The "Pac-man" has an interesting history. I don't think it's Dunbar, but it was a socialization thing, part of the many different types of play with a young puppy to get them used to everything and immune to panic.... So you sit on the pup, you startle the pup, you chase the pup, put you finger in his ears, and so on.... anything that a Vet or a child might do.... but you do it in a playful manner, so if it occurs in real life, the dog is not threatened. In more recent years, the submissive trainers have used it on full grown dogs to enforce submission... ridiculous! ... and dangerous.

I lay on top of my dog all the time, with minimal weight... and he can fall asleep that way. If he's not in the mood to tolerate it, he will complain and try to get up and leave, but it is rare. On a different behavior, we were sitting outside of PetsMart when he was a pup, to get him to be calm and socialized with moving people. A woman walked up behind us and started petting him. My dog startled, moved his head quickly to look at her, and smiled. The woman jumped back, and when I saw her, I noticed that she had 3 stitches in her lip. She said she was nervous when my dog startled because she had just gotten bitten yesterday! Without the startle training, I think my dog would have bitten her, too! I can train the dog, but I didn't say anything to the woman 

If no one has mentioned it, Pulling is not due to strength. Pulling is a behavior that all dogs can learn, if they believe that the more they pull, the faster you will walk. Or something like that. So, the goal is to re-train them that the more they pull, the more you will stop. Look up loose leash training or silky leash on Google and on Youtube.


----------



## Abbylynn (Jul 7, 2011)

The " pac-man" history is interesting. 

The pulling is improving. I have been just stopping dead in my tracks when he does this. He is beginning to turn around and stop to look at me. Now I just need him to come to me; this is where I am going to use the clicker to get him to return ... but honestly it is freezing outside right now ...and I must not stay out too long in this cold due to my health. So, I guess when it is too cold outside we will resort to the training area I made in the basement as I can train for longer periods of time. It is 1500 sq. feet. I hope it is enough room? I have made smaller areas work for " heel "in the past. Of course I know it is not the same as there are not distractions. 

Any advice on this or insight?


----------



## wvasko (Dec 15, 2007)

You're talking about a basement 30 ft by 50 ft approx. or close to it anyway that room should work fine for starter work just remember dogs that will heel in the basement don't generalize so they may not have same expertise when out of basement. That being said, do it cause any work is better than none. It's a good non-distraction area if other dogs are upstairs. I start all dogs in a distraction free place, I've always told people that the dog and owner are 2 figure skaters, they both know how to skate but they don't have a clue on how to skate together as a pair. What better way than to work in a place where you and dog can concentrate on work being done. 

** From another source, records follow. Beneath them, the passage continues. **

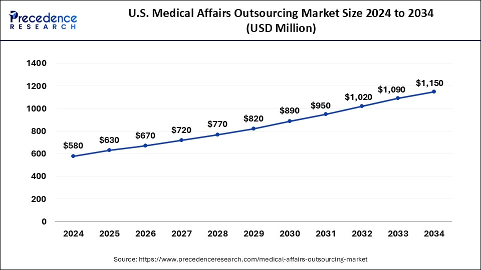 According to Precedence Research, the U.S. medical affairs outsourcing market size was valued at USD 580 million in 2024 and is estimated to grow from USD 630 million in 2025 to USD 1,150 million by 2034, accelerating a solid CAGR of 7.05% from 2025 to 2034.
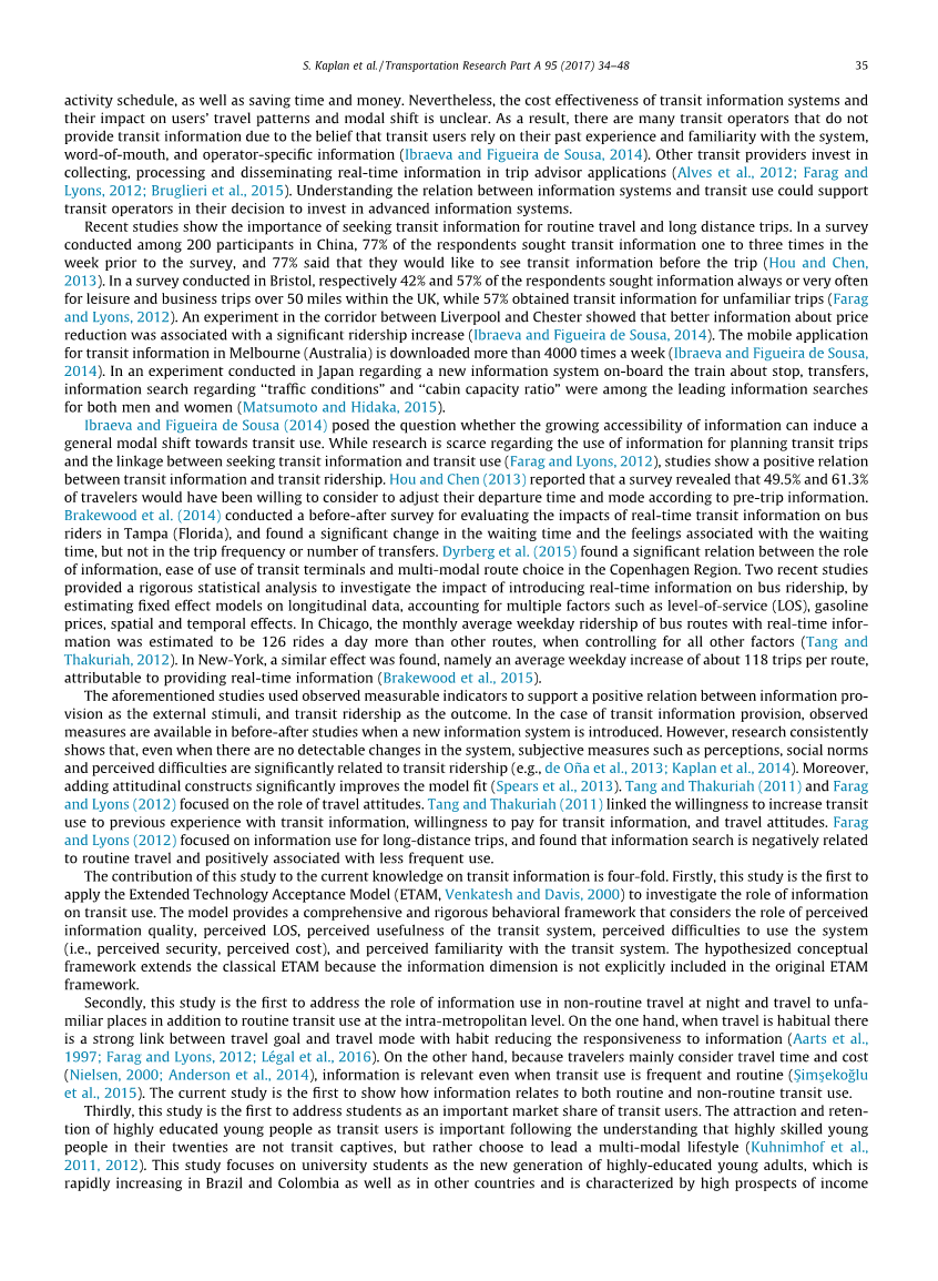 The lifestyle of young people is shifting from the traditionally well-rooted and routine lifestyle to a more dynamic one, continuously changing residence place and activity patterns, due to the need for higher education, the competition in the labor market, the need for business travel, higher leisure consumption and globalization. When coupled with growing city complexity and size, this lifestyle, which necessitates people to be constantly on the move in unfamiliar environments, gen-erates high demand for travel information. The more time people spend moving around in complex unfamiliar environ-ments, the more important is getting relevant and reliable information in a clear and efficient format for maintaining the activity schedule, as well as saving time and money. Nevertheless, the cost effectiveness of transit information systems and their impact on usersrsquo; travel patterns and modal shift is unclear. As a result, there are many transit operators that do not provide transit information due to the belief that transit users rely on their past experience and familiarity with the system, word-of-mouth, and operator-specific information (Ibraeva and Figueira de Sousa, 2014). Other transit providers invest in collecting, processing and disseminating real-time information in trip advisor applications (Alves et al., 2012; Farag and Lyons, 2012; Bruglieri et al., 2015). Understanding the relation between information systems and transit use could support transit operators in their decision to invest in advanced information systems.
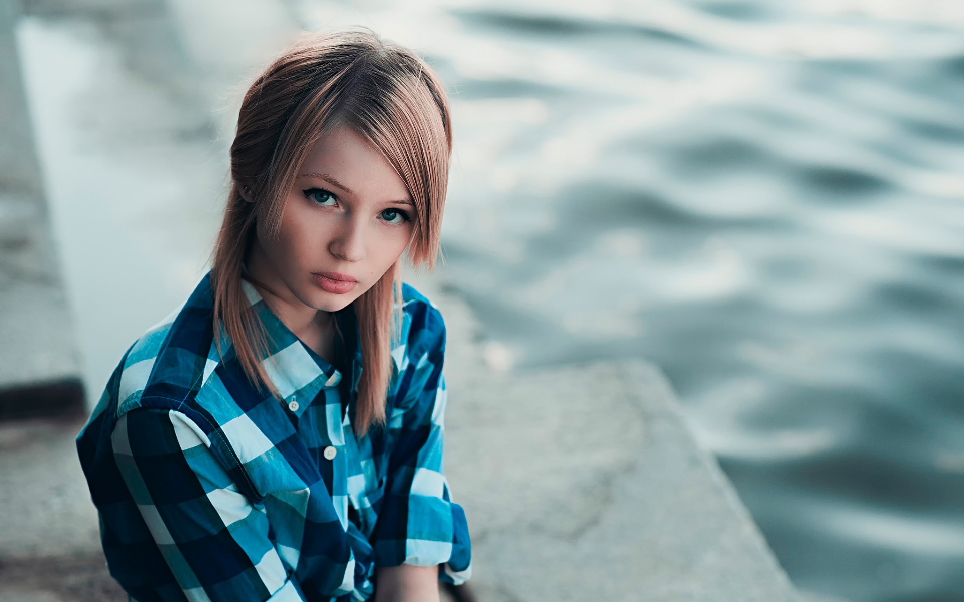 Description: A woman sitting on a ledge next to a body of water with her hands on her hips and looking at the camera.
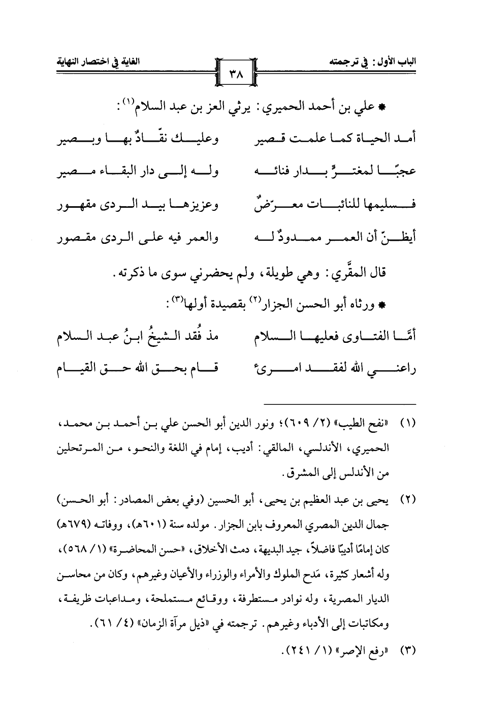 * علي بن أحمد الحميري: يرثي العز بن عبد السلام (¬1):
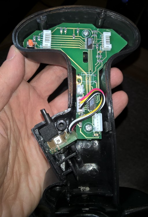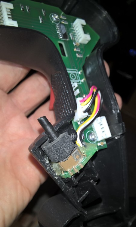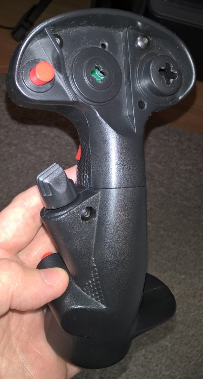 I've finally got some update on Talon grip mod. The main board (2x CD4021 shift registers) was assembled as well as the thumbsick 3-way hat board (ALPS 4-way switch wired to register fore-aft and down movements only). Then I've mounted the thumbstick using some hot-melt glue. The original Suncom thumbstick shaft is made of a very good plastic which is unlikely to crack so I've just shortened it and made a 2 mm hole to press-fit it on ALPS shaft. I've also used a small file to extend the holes in the grip body halves to restrict the thumbstick shaft movement to fore-aft directions only. As it turned out with a relatively long shaft the hat movement is a bit "light", so I've made a kind of gasket out of a piece of rubber foam and placed it around the shaft to add some resistance. Here is the result so far; the top hats will follow.
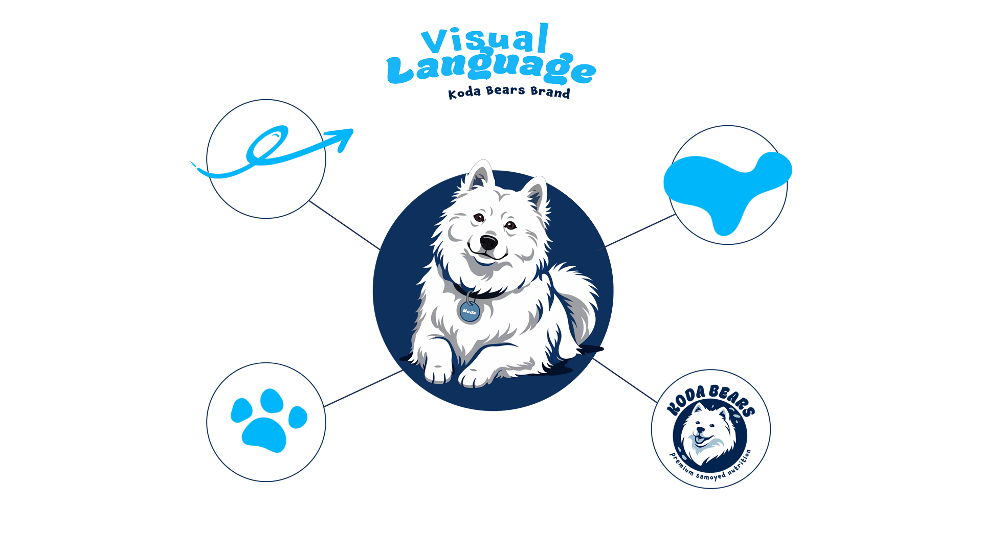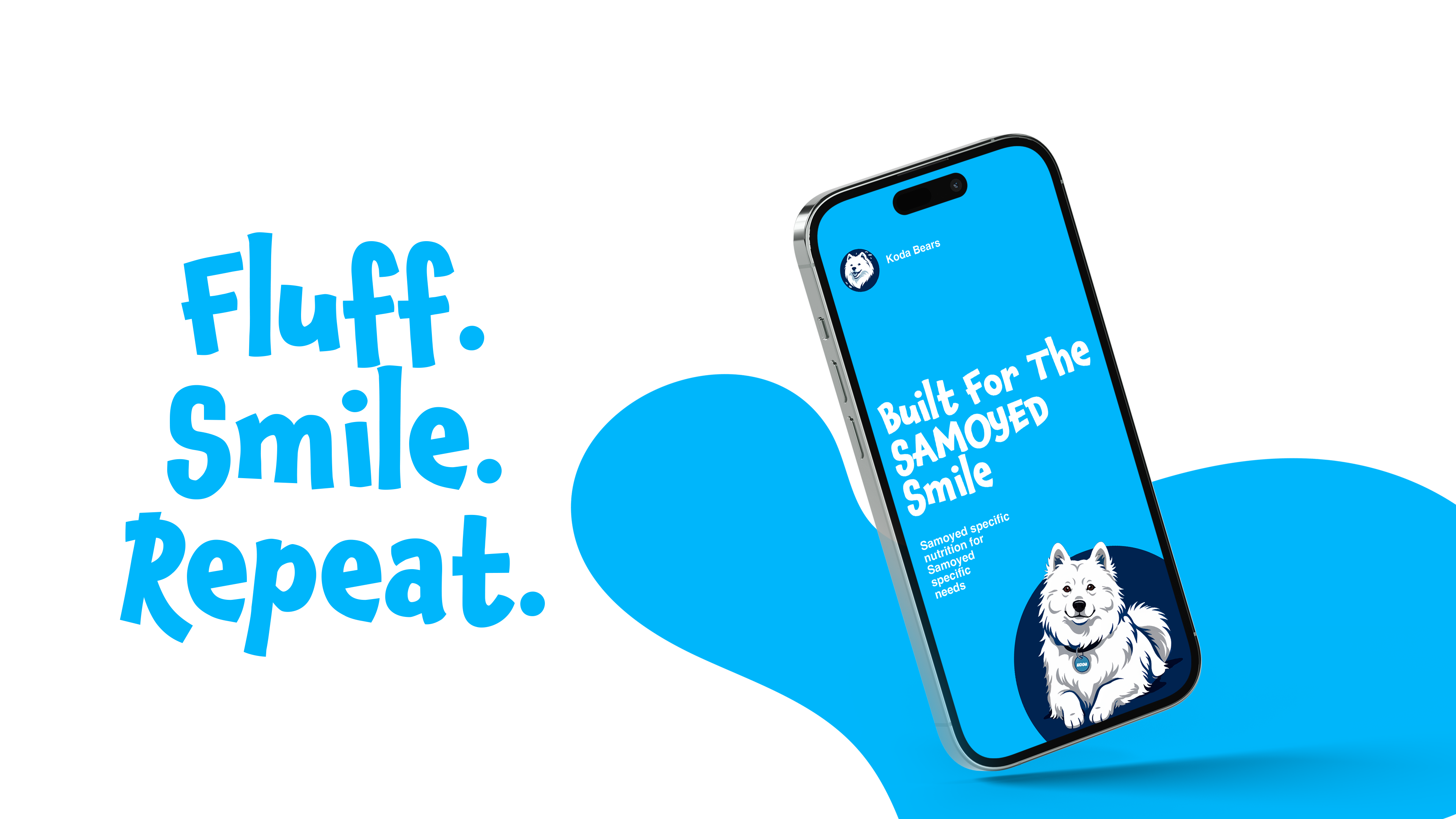 The Brand was conceived by owners of real Samoyed dogs. To elevate their passion into a commercially authoritative supplement brand, I utilized the owners' real Samoyed, Koda, as the central figure, and I established immediate trust within a niche community of dog enthusiasts. The final identity balances the warmth of a "lovable companion" with the clean, professional aesthetic required for the wellness industry.

Distractions can then be added. You can teach heeling, on lead sits, on lead downs, then on lead sit-stays, on lead down-stays and on lead recall work added to the mix. Then start drop lead stay work. This is kindergarten work but very important. The easy part is you are working in an area where the dog is under your control unless he can open the door. 

When we decided Pierce was getting dumped on us, the very 1st thing I did was 30 days work in training bldg cause the dog was a nice dog but a dog approaching 2 years old that had no training at all. He had to have some manners before allowed in home. Not gonna get into how to train because I'm aversive as you know, but there is nothing wrong with working in basement.


----------



## Abbylynn (Jul 7, 2011)

wvasko said:


> You're talking about a basement 30 ft by 50 ft approx. or close to it anyway that room should work fine for starter work just remember dogs that will heel in the basement don't generalize so they may not have same expertise when out of basement. That being said, do it cause any work is better than none. It's a good non-distraction area if other dogs are upstairs. I start all dogs in a distraction free place, I've always told people that the dog and owner are 2 figure skaters, they both know how to skate but they don't have a clue on how to skate together as a pair. What better way than to work in a place where you and dog can concentrate on work being done.
> 
> Distractions can then be added. You can teach heeling, on lead sits, on lead downs, then on lead sit-stays, on lead down-stays and on lead recall work added to the mix. Then start drop lead stay work. This is kindergarten work but very important. The easy part is you are working in an area where the dog is under your control unless he can open the door.
> 
> When we decided Pierce was getting dumped on us, the very 1st thing I did was 30 days work in training bldg cause the dog was a nice dog but a dog approaching 2 years old that had no training at all. He had to have some manners before allowed in home. Not gonna get into how to train because I'm aversive as you know, but there is nothing wrong with working in basement.


Good deal! Just making sure I am not adding stress to an already stressed pup! Thank you!


----------



## wvasko (Dec 15, 2007)

Not a big deal because you can take your time, I've always liked to keep a daily training journal. Each day I do formal obedience work I write it all down so a month later I can go back and see if there is actual improvement. I have always kept training records on all dogs. It's much easier now with PCs as when I started it was all hard copy written by hand.


----------



## Abbylynn (Jul 7, 2011)

wvasko said:


> Not a big deal because you can take your time, I've always liked to keep a daily training journal. Each day I do formal obedience work I write it all down so a month later I can go back and see if there is actual improvement. I have always kept training records on all dogs. It's much easier now with PCs as when I started it was all hard copy written by hand.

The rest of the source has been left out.